- **WORK TASK**
Exactly reproduce all the records, keeping pictures out of the copy.

───── TASK INPUT

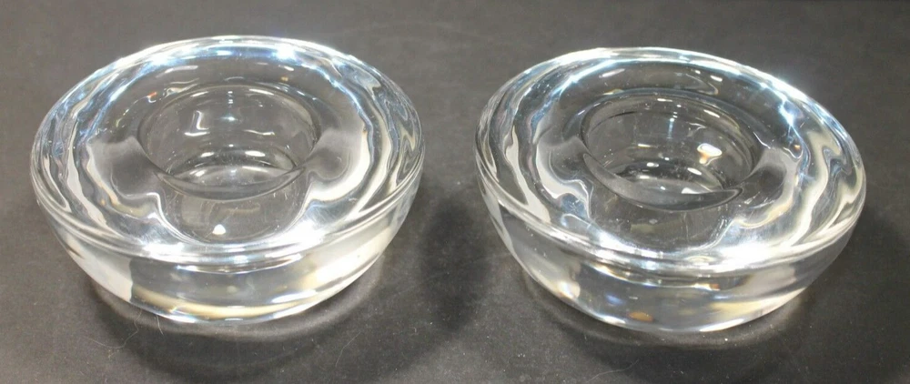Preowned Clear Glass Round Block Tea Light Candle Holder Set Of 2. They are in very good condition, no chips or cracks. They are clean. Measures: 1.6" H, 4" DIA rim. Please see photos for more details. Please note that the item is vintage and may show signs of wear. We have done our best to honestly and accurately describe and photograph the item, including possible flaws. What you see are the actual photos of the item being sold. If you have any questions regarding the item, please ask! We DO NOT SELL outside United States. SHIPPING The item will be shipped within three business days after receipt of payment. We ship via USPS to any location within the 48 continental United States, NO INTERNATIONAL SHIPPING. Shipping is calculated by EBAY based on the weight and size of the item plus packaging. We can combine shipping in case you buy multiple items that can be safely shipped together. Thanks for looking!
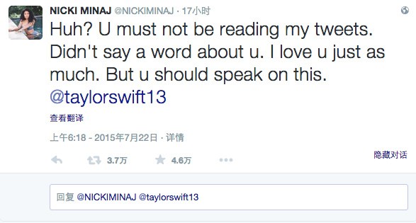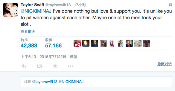 虽然这场骂战最后以双方决定“冷处理”而收场,但在这期间,霉霉敌友纷纷乱入,水果姐也发推特说:“搞笑,有人还好意思说别人挑拨女性之间的争斗?”
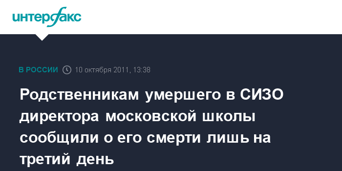 Родственникам умершего в СИЗО директора московской школы сообщили о его смерти лишь на третий день
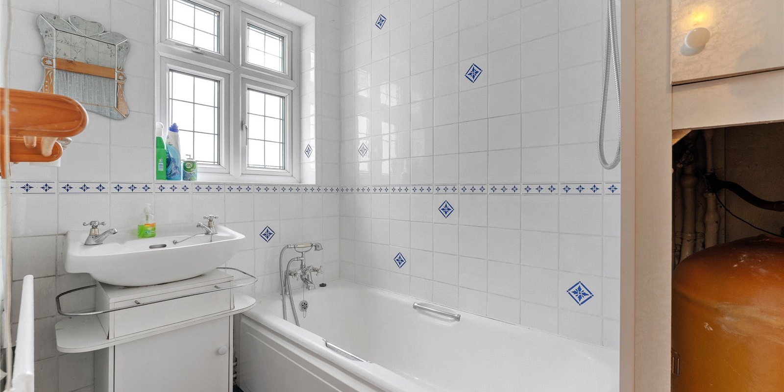 The family bathroom features a contemporary two-piece white suite, while a separate WC adds convenience for busy households. A UPVC window provides natural light and ventilation.
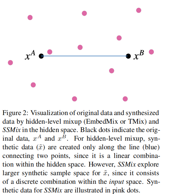由于文本数据的离散性和可变的序列长度,在NLP中应用mixup比在计算机视觉中更具有挑战性和难度。因此,之前大多数关于文本混合的尝试将mixup应用于嵌入向量,如嵌入或中间表示。然而根据计算机视觉的增强直观感受,输入级混合一般比隐藏级混合有优势。这一动机鼓励作者对探究文本数据的输入级混淆方法。
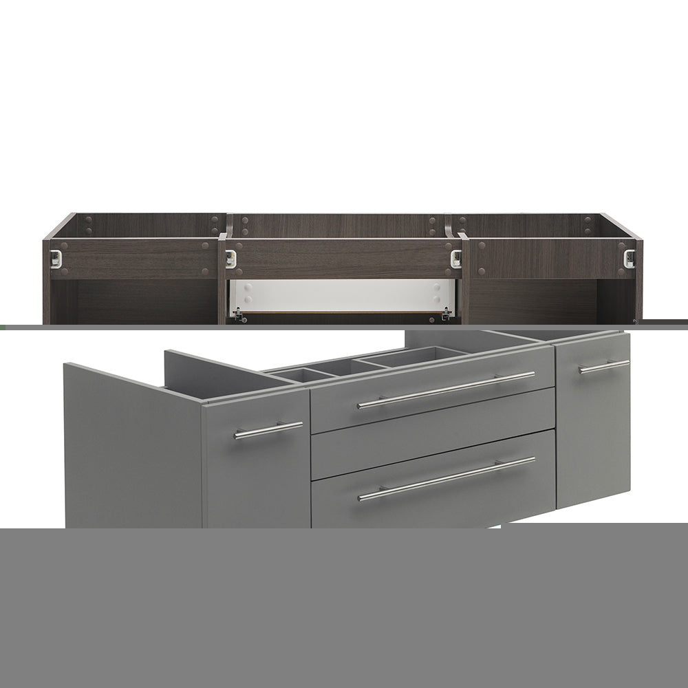 Fresca Valencia 60" Gray Oak Wall Hung Double Sink Modern Bathroom Cabinet
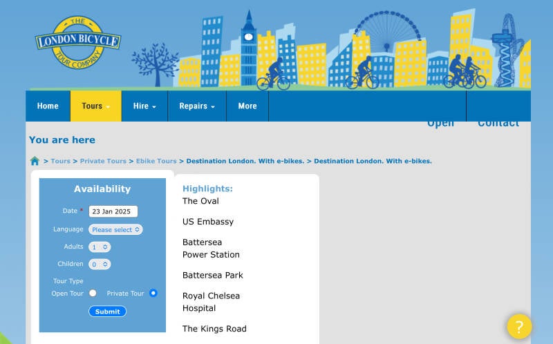 You can book now!: https://www.londonbicycle.com/tours/private-tours/ebike-tours/destination-london-e-bikes
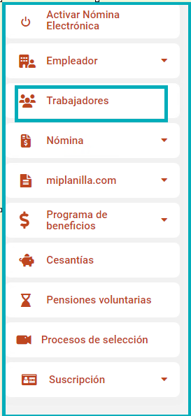 3. Al ingresar a la plataforma, dentro del menú principal se debe seleccionar la opción "TRABAJADORES"
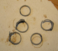 So you see here some rings made of PMC Pro. They fit nicely and are definitely stronger than the regular PMC3 rings. The shrinkage has been approximately 4 US Sizes. The only minor negative detail is the smell – they do smell a bit like copper. I think the experiment has been quite successful and I am certainly going to use this material in the future.
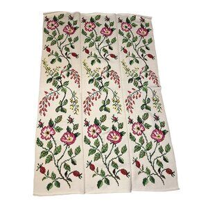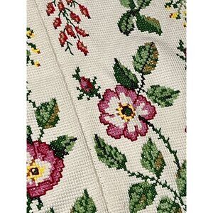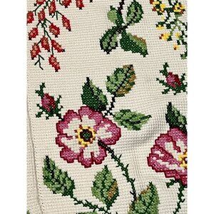 Handmade Floral Blanket Crochet Needlepoint Cross Stitch Afghan Cottagecore 70s

──────────

- **EXPECTED ANSWER**
Preowned Clear Glass Round Block Tea Light Candle Holder Set Of 2. They are in very good condition, no chips or cracks. They are clean. Measures: 1.6" H, 4" DIA rim. Please see photos for more details. Please note that the item is vintage and may show signs of wear. We have done our best to honestly and accurately describe and photograph the item, including possible flaws. What you see are the actual photos of the item being sold. If you have any questions regarding the item, please ask! We DO NOT SELL outside United States. SHIPPING The item will be shipped within three business days after receipt of payment. We ship via USPS to any location within the 48 continental United States, NO INTERNATIONAL SHIPPING. Shipping is calculated by EBAY based on the weight and size of the item plus packaging. We can combine shipping in case you buy multiple items that can be safely shipped together. Thanks for looking!
 虽然这场骂战最后以双方决定“冷处理”而收场,但在这期间,霉霉敌友纷纷乱入,水果姐也发推特说:“搞笑,有人还好意思说别人挑拨女性之间的争斗?”
 Родственникам умершего в СИЗО директора московской школы сообщили о его смерти лишь на третий день
 The family bathroom features a contemporary two-piece white suite, while a separate WC adds convenience for busy households. A UPVC window provides natural light and ventilation.
由于文本数据的离散性和可变的序列长度,在NLP中应用mixup比在计算机视觉中更具有挑战性和难度。因此,之前大多数关于文本混合的尝试将mixup应用于嵌入向量,如嵌入或中间表示。然而根据计算机视觉的增强直观感受,输入级混合一般比隐藏级混合有优势。这一动机鼓励作者对探究文本数据的输入级混淆方法。
 Fresca Valencia 60" Gray Oak Wall Hung Double Sink Modern Bathroom Cabinet
 You can book now!: https://www.londonbicycle.com/tours/private-tours/ebike-tours/destination-london-e-bikes
 3. Al ingresar a la plataforma, dentro del menú principal se debe seleccionar la opción "TRABAJADORES"
 So you see here some rings made of PMC Pro. They fit nicely and are definitely stronger than the regular PMC3 rings. The shrinkage has been approximately 4 US Sizes. The only minor negative detail is the smell – they do smell a bit like copper. I think the experiment has been quite successful and I am certainly going to use this material in the future.
 Handmade Floral Blanket Crochet Needlepoint Cross Stitch Afghan Cottagecore 70s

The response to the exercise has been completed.